WORKING DATA —

++++++++

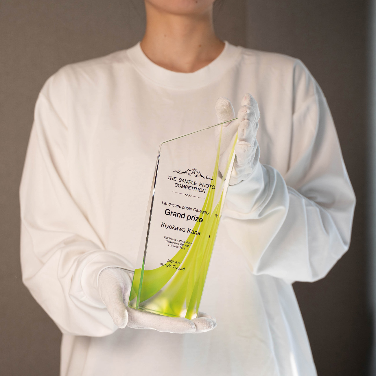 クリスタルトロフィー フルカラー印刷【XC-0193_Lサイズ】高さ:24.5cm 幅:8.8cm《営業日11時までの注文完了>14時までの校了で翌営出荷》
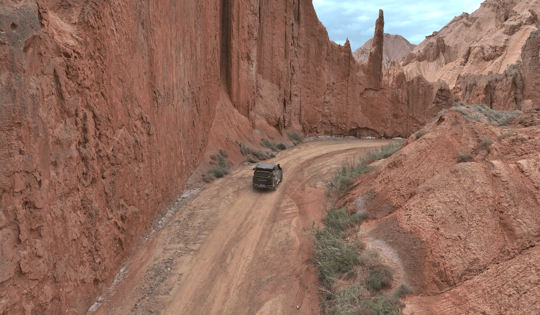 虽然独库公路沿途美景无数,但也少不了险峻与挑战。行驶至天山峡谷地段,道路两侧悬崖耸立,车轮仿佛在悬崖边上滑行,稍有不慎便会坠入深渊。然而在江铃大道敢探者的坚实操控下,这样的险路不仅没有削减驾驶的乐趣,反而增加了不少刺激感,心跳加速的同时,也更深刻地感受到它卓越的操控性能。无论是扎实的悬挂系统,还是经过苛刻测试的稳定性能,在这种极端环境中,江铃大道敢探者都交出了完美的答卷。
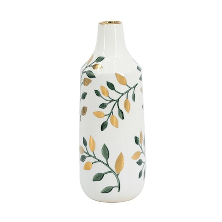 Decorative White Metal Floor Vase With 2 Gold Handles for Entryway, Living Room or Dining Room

++++++++

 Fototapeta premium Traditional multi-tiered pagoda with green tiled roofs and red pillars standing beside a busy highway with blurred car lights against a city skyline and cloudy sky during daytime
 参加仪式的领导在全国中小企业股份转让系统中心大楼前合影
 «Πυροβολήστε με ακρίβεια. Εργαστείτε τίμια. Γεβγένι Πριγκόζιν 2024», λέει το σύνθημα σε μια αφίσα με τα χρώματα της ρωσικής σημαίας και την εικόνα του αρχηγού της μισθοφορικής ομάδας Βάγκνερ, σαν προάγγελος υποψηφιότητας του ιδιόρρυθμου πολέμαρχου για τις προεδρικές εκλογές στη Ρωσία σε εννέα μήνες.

++++++++

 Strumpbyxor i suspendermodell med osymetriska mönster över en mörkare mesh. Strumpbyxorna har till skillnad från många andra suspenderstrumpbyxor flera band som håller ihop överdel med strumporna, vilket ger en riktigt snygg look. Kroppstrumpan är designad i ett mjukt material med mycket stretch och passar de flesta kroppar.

++++++++

Copy out only the lines above from the one with "Fototapeta premium Traditional" to the one with "σε εννέα μήνες.", inclusive, exactly as they stand.

EXERCISE OUTPUT —
 Fototapeta premium Traditional multi-tiered pagoda with green tiled roofs and red pillars standing beside a busy highway with blurred car lights against a city skyline and cloudy sky during daytime
 参加仪式的领导在全国中小企业股份转让系统中心大楼前合影
 «Πυροβολήστε με ακρίβεια. Εργαστείτε τίμια. Γεβγένι Πριγκόζιν 2024», λέει το σύνθημα σε μια αφίσα με τα χρώματα της ρωσικής σημαίας και την εικόνα του αρχηγού της μισθοφορικής ομάδας Βάγκνερ, σαν προάγγελος υποψηφιότητας του ιδιόρρυθμου πολέμαρχου για τις προεδρικές εκλογές στη Ρωσία σε εννέα μήνες.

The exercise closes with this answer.